I'm having the exact same issue as you @max-rocket-internet, also running on EKS with their latest version available to date. This is frustrating :(

SocietyCao · 2019-08-23T03:43:58Z

@vdemonchy There may be sudden bursts of traffic，some times cause CPUUtilization to 100% , in this case,it won't scale down

max-rocket-internet · 2019-08-23T08:14:09Z

some times cause CPUUtilization to 100% , in this case,it won't scale down

This is not the case.

SocietyCao · 2019-08-23T14:42:53Z

The pod is all ready?
https://kubernetes.io/docs/tasks/run-application/horizontal-pod-autoscale/#algorithm-details

If there were any missing metrics, we recompute the average more conservatively, assuming those pods were consuming 100% of the desired value in case of a scale down, and 0% in case of a scale up.
I can only speculate this is the case

cmanzi · 2019-08-31T01:15:05Z

@max-rocket-internet Try increasing your metrics resolution from the default. I was experienceing similar behavior, I added the flag --metric-resolution=5s (the default is 60s), and it seems to be behaving in a much more expected manner now.

As @SocietyCao said, in my case it appears that the HPA was rapidly scaling up my service, creating a bunch of pods that didn't have any metrics yet, which in turn caused the HPA to assume the pods were under load. Seems like it can create a feedback loop of sorts.

wxwang33 · 2019-09-27T19:51:38Z

We are seeing the same behavior. Has this issue been resolved?

cmanzi · 2019-09-27T20:17:46Z

@wxwang33 What is your metrics-server resolution set to? That fixed it for me (on 1.14.6).

wxwang33 · 2019-09-27T23:38:58Z

I will check later as I don't have direct access to it. Will update and thanks for the quick response!

itninja-hue · 2019-10-18T15:45:06Z

I am having the same, issue , at first i thought its not scaling down, but as time went by , exactly 6 minutes , hpa scaled down the pods.
After looking at the events log , it showed up that an event was triggered to scale down the pods the moment the cpi load went off , but got executes 6 minutes later. I guess this is a feature or how it is supposed to work , it would be nice if we can get a gracePeriod option to define if we want to narrow down or reduce the time.
I am running k8s 1.16 on vagrant (test cluster) 1 master 2 workers

rosoft2001 · 2022-06-21T02:46:22Z

still an issue

coding-red-panda · 2022-06-22T15:31:30Z

This is also an issue for us with the HPA when using 2 metrics.
With the memory added to our HPA, we do see that the downscaling works, but at some point the downscaling stops, even through all reported metrics are below the configured threshold for the averageUtilization.

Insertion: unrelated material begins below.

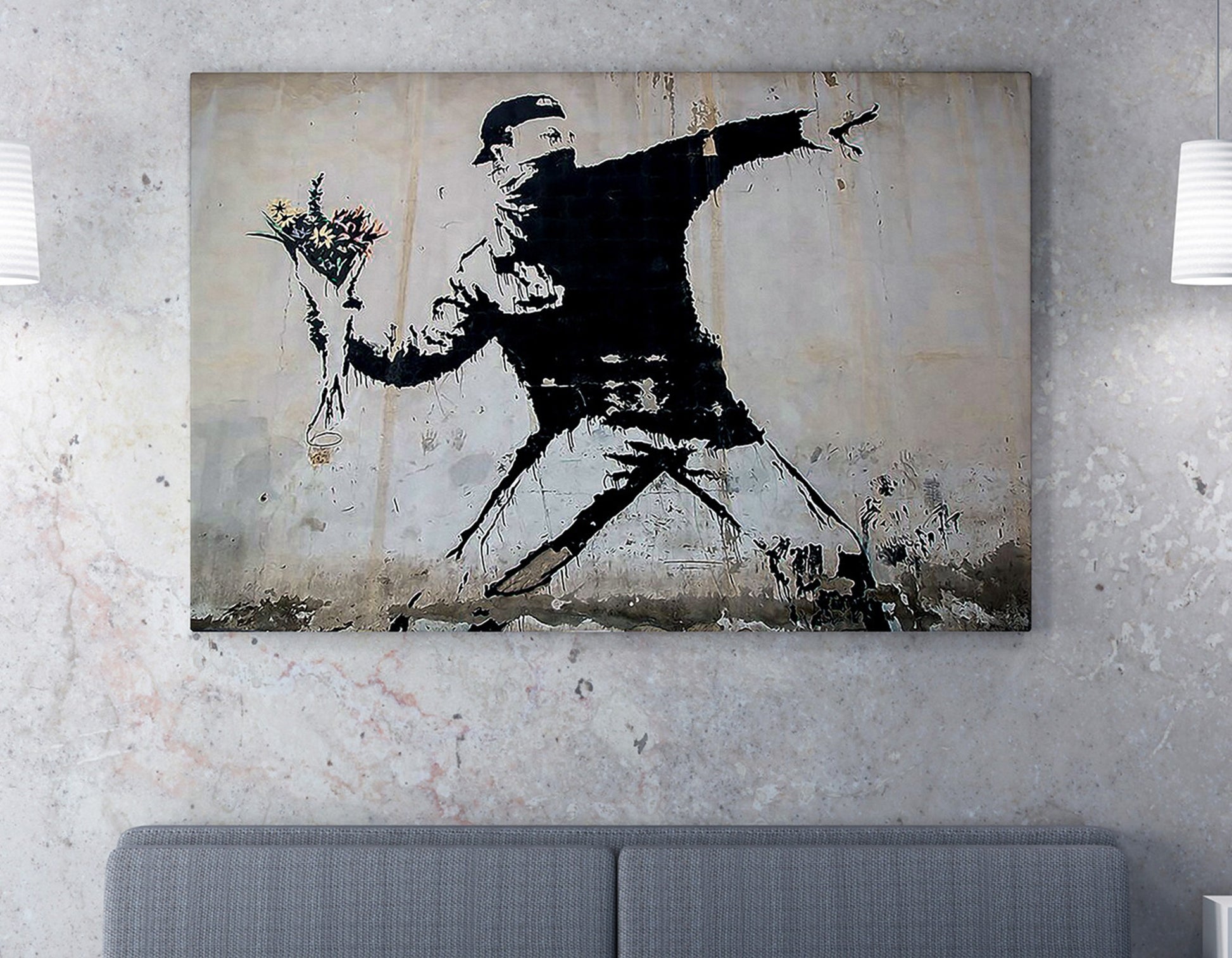 Eleve a decoração da sua casa com a fascinante pintura em tela rage, flower thrower do renomado artista banksy. Esta peça cativante adicionará sem esforço um toque de emoção e intriga a qualquer divisão, tornando-a a peça central perfeita para a sua sala de estar, quarto ou escritório.

We haven't tried setting the threshold to double the expected size to see if this makes a difference.
The HPA does downscale, but only up to a certain point.

vitobotta · 2022-06-22T17:29:16Z

This is also an issue for us with the HPA when using 2 metrics. With the memory added to our HPA, we do see that the downscaling works, but at some point the downscaling stops, even through all reported metrics are below the configured threshold for the averageUtilization.

We haven't tried setting the threshold to double the expected size to see if this makes a difference. The HPA does downscale, but only up to a certain point.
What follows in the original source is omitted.